(What to do):
Leave every image behind and restate the data word for word.

(Stored data entries)
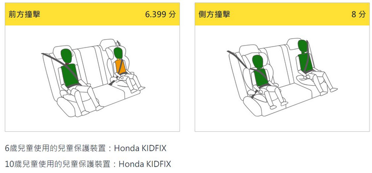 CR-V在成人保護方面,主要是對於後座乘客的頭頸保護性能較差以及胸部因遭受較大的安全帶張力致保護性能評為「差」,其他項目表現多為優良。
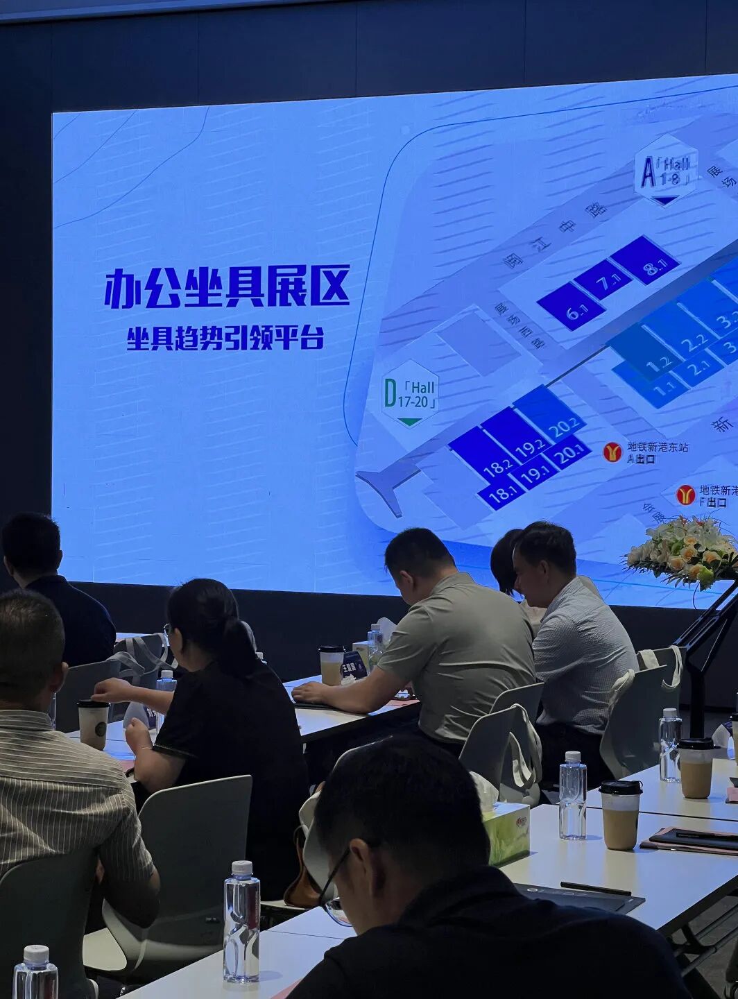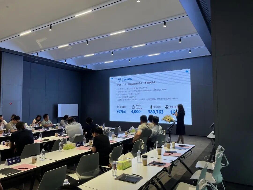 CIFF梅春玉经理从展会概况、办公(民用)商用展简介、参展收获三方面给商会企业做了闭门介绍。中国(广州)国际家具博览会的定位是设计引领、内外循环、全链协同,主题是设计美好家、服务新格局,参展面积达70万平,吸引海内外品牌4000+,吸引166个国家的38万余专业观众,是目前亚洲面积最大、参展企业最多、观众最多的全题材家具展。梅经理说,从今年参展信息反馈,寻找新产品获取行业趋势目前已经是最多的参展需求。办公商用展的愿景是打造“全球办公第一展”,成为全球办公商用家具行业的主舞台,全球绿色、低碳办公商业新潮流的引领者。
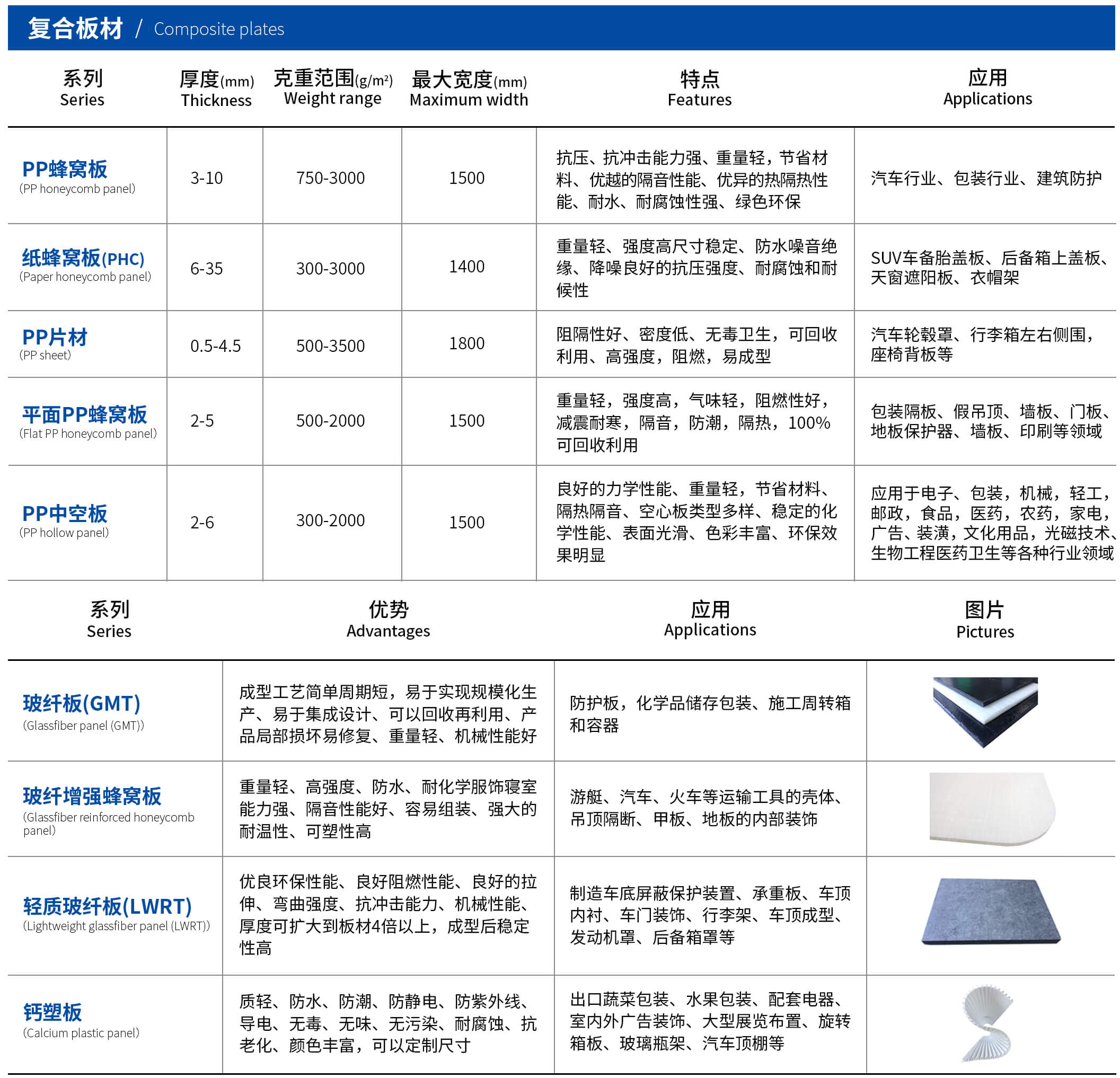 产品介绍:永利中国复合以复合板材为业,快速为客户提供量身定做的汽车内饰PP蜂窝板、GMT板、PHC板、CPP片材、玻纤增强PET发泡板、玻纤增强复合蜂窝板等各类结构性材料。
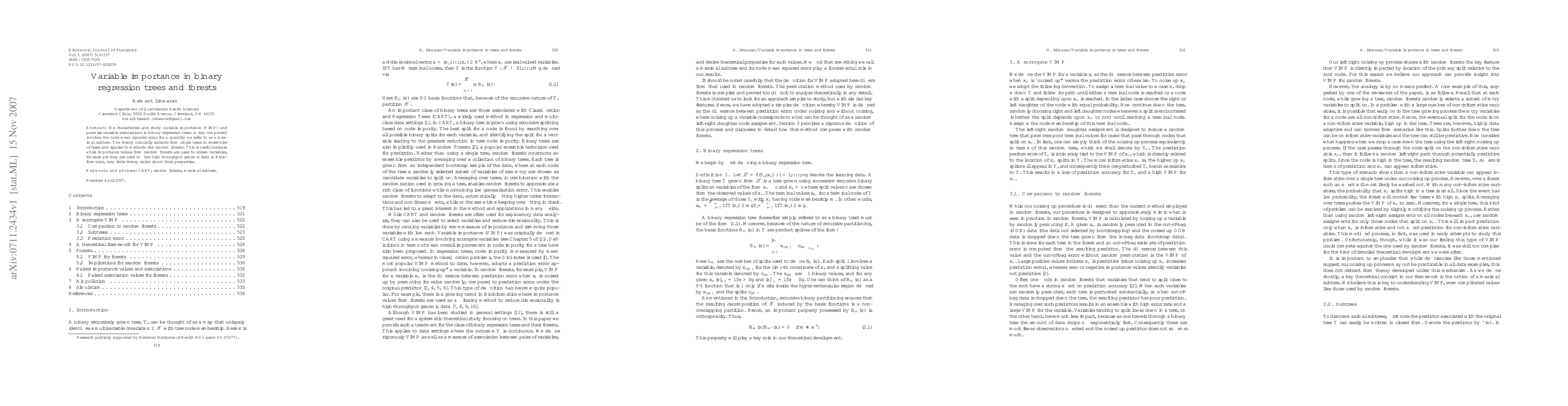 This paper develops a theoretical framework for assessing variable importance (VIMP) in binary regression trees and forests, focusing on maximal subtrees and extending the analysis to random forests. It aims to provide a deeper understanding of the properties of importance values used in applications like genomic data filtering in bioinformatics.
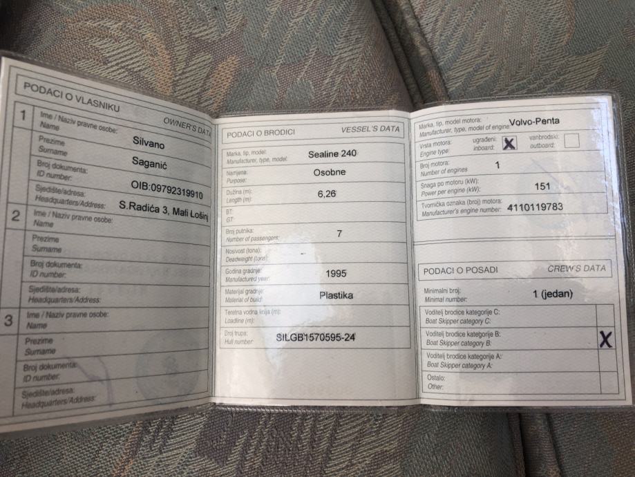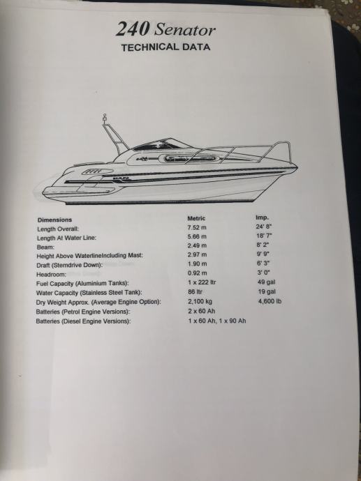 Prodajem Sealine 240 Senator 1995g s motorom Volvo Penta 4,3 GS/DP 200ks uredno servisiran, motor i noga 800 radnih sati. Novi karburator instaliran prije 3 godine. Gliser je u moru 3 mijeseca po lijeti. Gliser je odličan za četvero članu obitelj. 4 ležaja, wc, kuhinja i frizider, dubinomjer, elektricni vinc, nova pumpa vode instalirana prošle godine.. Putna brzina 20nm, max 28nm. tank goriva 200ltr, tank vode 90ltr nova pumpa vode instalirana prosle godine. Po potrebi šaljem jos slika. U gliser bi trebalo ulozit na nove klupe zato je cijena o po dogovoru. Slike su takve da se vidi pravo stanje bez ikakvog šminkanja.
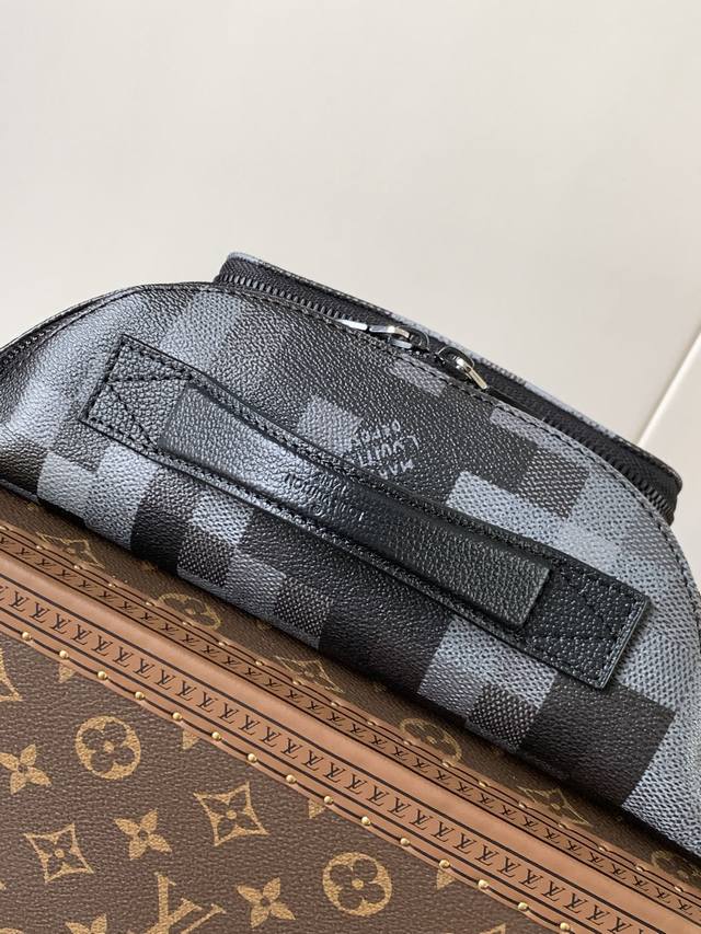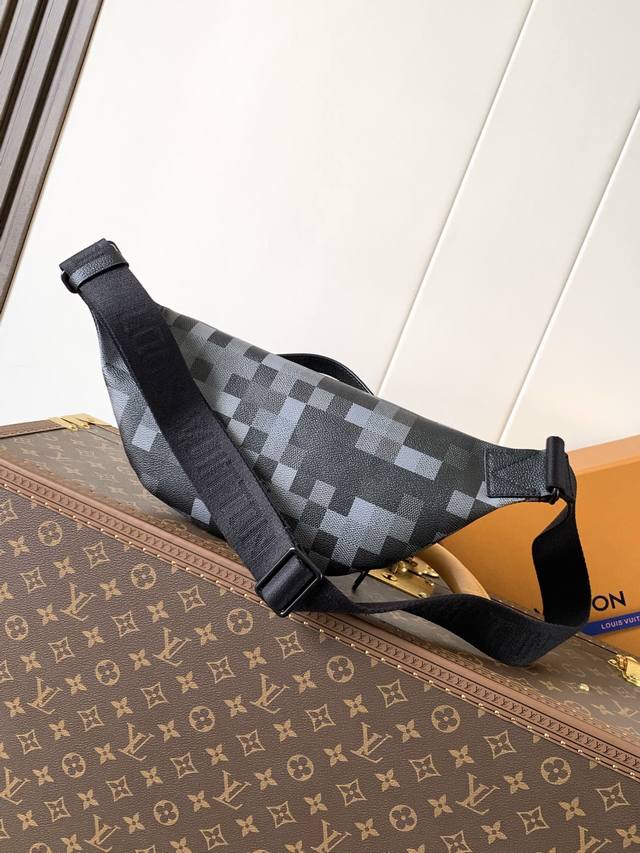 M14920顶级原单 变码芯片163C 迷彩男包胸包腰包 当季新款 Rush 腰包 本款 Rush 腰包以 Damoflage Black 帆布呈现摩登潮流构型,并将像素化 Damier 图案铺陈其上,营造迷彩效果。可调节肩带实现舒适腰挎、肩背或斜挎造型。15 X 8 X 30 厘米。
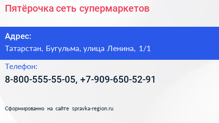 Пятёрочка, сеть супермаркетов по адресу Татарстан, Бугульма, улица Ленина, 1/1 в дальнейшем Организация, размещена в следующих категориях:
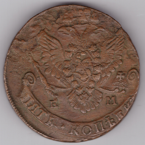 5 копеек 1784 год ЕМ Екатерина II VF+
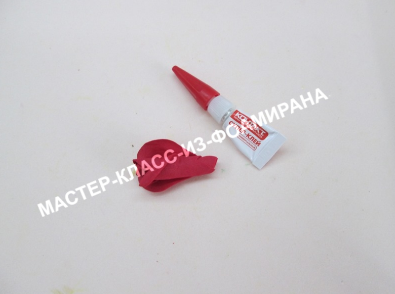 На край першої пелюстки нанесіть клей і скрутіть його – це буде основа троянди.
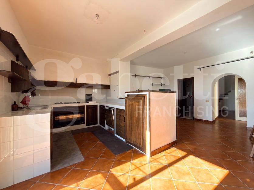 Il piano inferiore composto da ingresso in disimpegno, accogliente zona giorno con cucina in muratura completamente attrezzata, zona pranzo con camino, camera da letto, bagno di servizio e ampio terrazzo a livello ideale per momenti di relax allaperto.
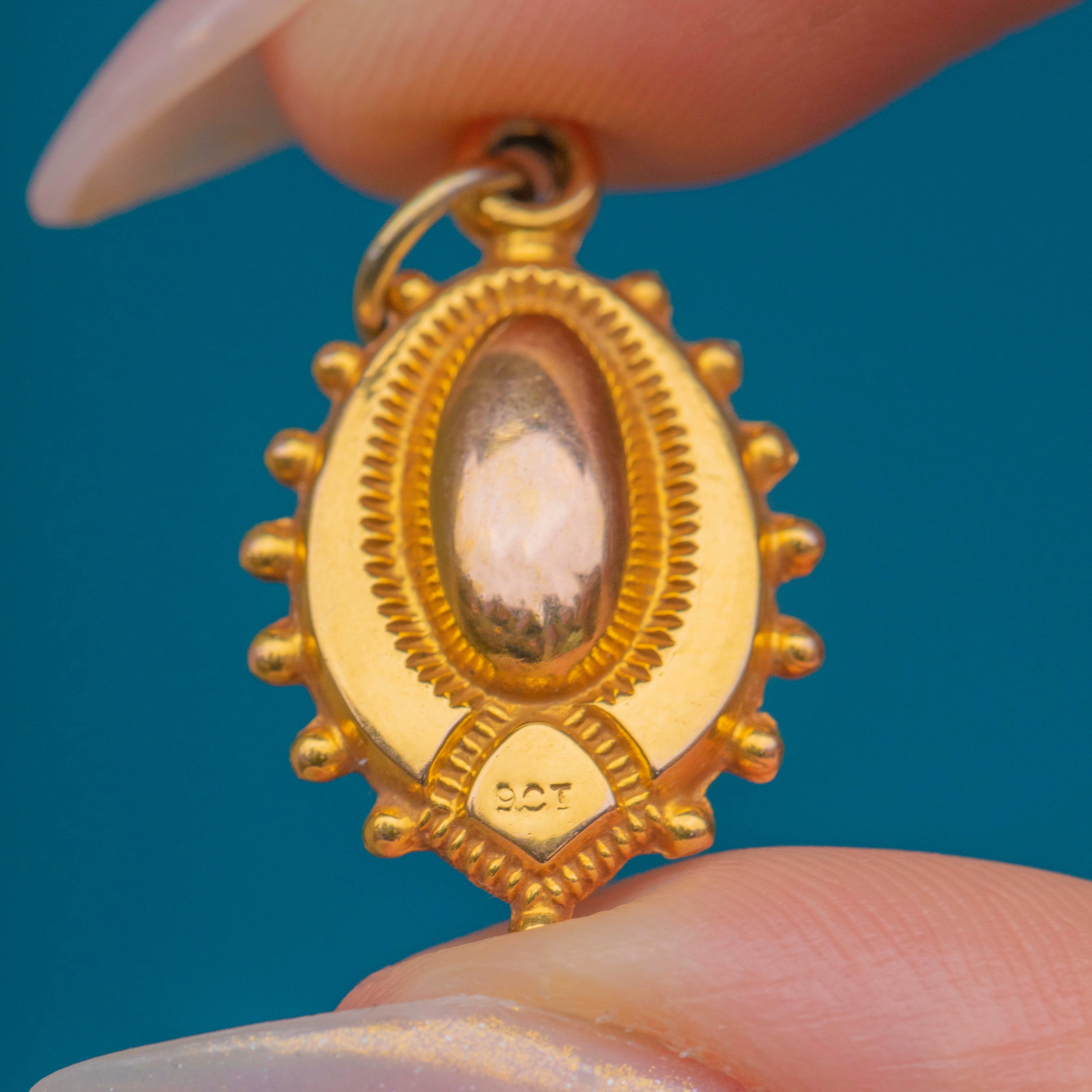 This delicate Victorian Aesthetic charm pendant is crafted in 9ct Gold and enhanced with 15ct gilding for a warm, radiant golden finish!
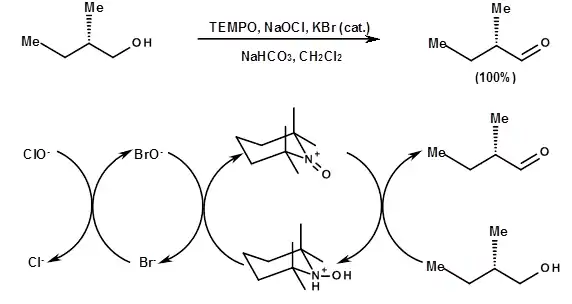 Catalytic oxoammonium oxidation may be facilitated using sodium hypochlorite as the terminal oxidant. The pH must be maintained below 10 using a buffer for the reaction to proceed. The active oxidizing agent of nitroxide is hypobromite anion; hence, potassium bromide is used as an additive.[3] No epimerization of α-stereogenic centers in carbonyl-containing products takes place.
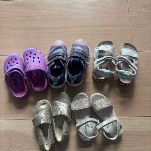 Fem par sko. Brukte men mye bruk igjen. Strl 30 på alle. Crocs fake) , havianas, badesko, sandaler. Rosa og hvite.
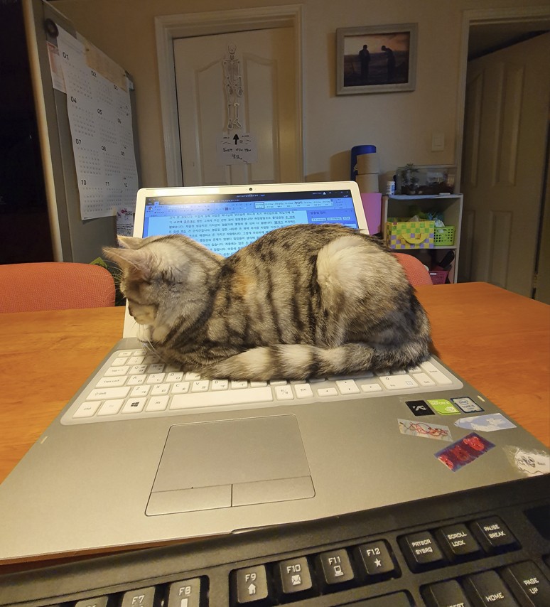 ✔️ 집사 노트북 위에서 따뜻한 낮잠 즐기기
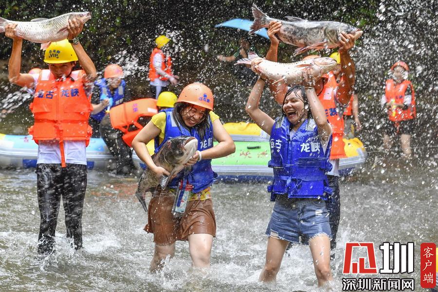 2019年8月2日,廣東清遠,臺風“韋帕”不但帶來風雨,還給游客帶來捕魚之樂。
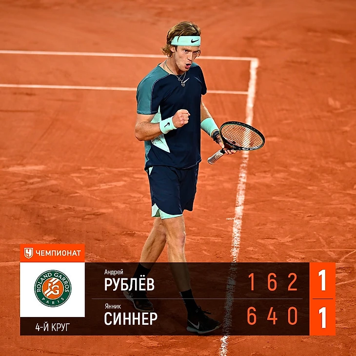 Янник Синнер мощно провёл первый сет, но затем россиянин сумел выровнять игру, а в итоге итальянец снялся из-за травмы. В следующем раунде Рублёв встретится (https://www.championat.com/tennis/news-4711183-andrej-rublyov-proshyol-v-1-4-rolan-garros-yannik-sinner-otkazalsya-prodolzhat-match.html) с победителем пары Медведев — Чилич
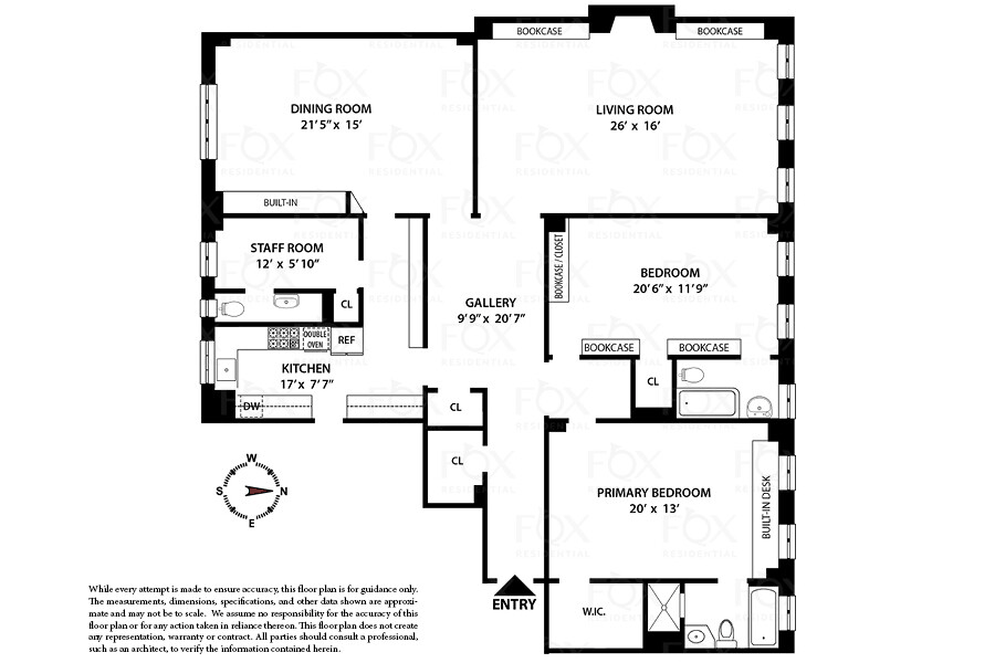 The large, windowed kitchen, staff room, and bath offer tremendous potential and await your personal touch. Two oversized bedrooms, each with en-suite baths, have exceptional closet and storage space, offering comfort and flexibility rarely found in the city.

(Result of this task):
 CR-V在成人保護方面,主要是對於後座乘客的頭頸保護性能較差以及胸部因遭受較大的安全帶張力致保護性能評為「差」,其他項目表現多為優良。
 CIFF梅春玉经理从展会概况、办公(民用)商用展简介、参展收获三方面给商会企业做了闭门介绍。中国(广州)国际家具博览会的定位是设计引领、内外循环、全链协同,主题是设计美好家、服务新格局,参展面积达70万平,吸引海内外品牌4000+,吸引166个国家的38万余专业观众,是目前亚洲面积最大、参展企业最多、观众最多的全题材家具展。梅经理说,从今年参展信息反馈,寻找新产品获取行业趋势目前已经是最多的参展需求。办公商用展的愿景是打造“全球办公第一展”,成为全球办公商用家具行业的主舞台,全球绿色、低碳办公商业新潮流的引领者。
 产品介绍:永利中国复合以复合板材为业,快速为客户提供量身定做的汽车内饰PP蜂窝板、GMT板、PHC板、CPP片材、玻纤增强PET发泡板、玻纤增强复合蜂窝板等各类结构性材料。
 This paper develops a theoretical framework for assessing variable importance (VIMP) in binary regression trees and forests, focusing on maximal subtrees and extending the analysis to random forests. It aims to provide a deeper understanding of the properties of importance values used in applications like genomic data filtering in bioinformatics.
 Prodajem Sealine 240 Senator 1995g s motorom Volvo Penta 4,3 GS/DP 200ks uredno servisiran, motor i noga 800 radnih sati. Novi karburator instaliran prije 3 godine. Gliser je u moru 3 mijeseca po lijeti. Gliser je odličan za četvero članu obitelj. 4 ležaja, wc, kuhinja i frizider, dubinomjer, elektricni vinc, nova pumpa vode instalirana prošle godine.. Putna brzina 20nm, max 28nm. tank goriva 200ltr, tank vode 90ltr nova pumpa vode instalirana prosle godine. Po potrebi šaljem jos slika. U gliser bi trebalo ulozit na nove klupe zato je cijena o po dogovoru. Slike su takve da se vidi pravo stanje bez ikakvog šminkanja.
 M14920顶级原单 变码芯片163C 迷彩男包胸包腰包 当季新款 Rush 腰包 本款 Rush 腰包以 Damoflage Black 帆布呈现摩登潮流构型,并将像素化 Damier 图案铺陈其上,营造迷彩效果。可调节肩带实现舒适腰挎、肩背或斜挎造型。15 X 8 X 30 厘米。
 Пятёрочка, сеть супермаркетов по адресу Татарстан, Бугульма, улица Ленина, 1/1 в дальнейшем Организация, размещена в следующих категориях:
 5 копеек 1784 год ЕМ Екатерина II VF+
 На край першої пелюстки нанесіть клей і скрутіть його – це буде основа троянди.
 Il piano inferiore composto da ingresso in disimpegno, accogliente zona giorno con cucina in muratura completamente attrezzata, zona pranzo con camino, camera da letto, bagno di servizio e ampio terrazzo a livello ideale per momenti di relax allaperto.
 This delicate Victorian Aesthetic charm pendant is crafted in 9ct Gold and enhanced with 15ct gilding for a warm, radiant golden finish!
 Catalytic oxoammonium oxidation may be facilitated using sodium hypochlorite as the terminal oxidant. The pH must be maintained below 10 using a buffer for the reaction to proceed. The active oxidizing agent of nitroxide is hypobromite anion; hence, potassium bromide is used as an additive.[3] No epimerization of α-stereogenic centers in carbonyl-containing products takes place.
 Fem par sko. Brukte men mye bruk igjen. Strl 30 på alle. Crocs fake) , havianas, badesko, sandaler. Rosa og hvite.
 ✔️ 집사 노트북 위에서 따뜻한 낮잠 즐기기
 2019年8月2日,廣東清遠,臺風“韋帕”不但帶來風雨,還給游客帶來捕魚之樂。
 Янник Синнер мощно провёл первый сет, но затем россиянин сумел выровнять игру, а в итоге итальянец снялся из-за травмы. В следующем раунде Рублёв встретится (https://www.championat.com/tennis/news-4711183-andrej-rublyov-proshyol-v-1-4-rolan-garros-yannik-sinner-otkazalsya-prodolzhat-match.html) с победителем пары Медведев — Чилич
 The large, windowed kitchen, staff room, and bath offer tremendous potential and await your personal touch. Two oversized bedrooms, each with en-suite baths, have exceptional closet and storage space, offering comfort and flexibility rarely found in the city.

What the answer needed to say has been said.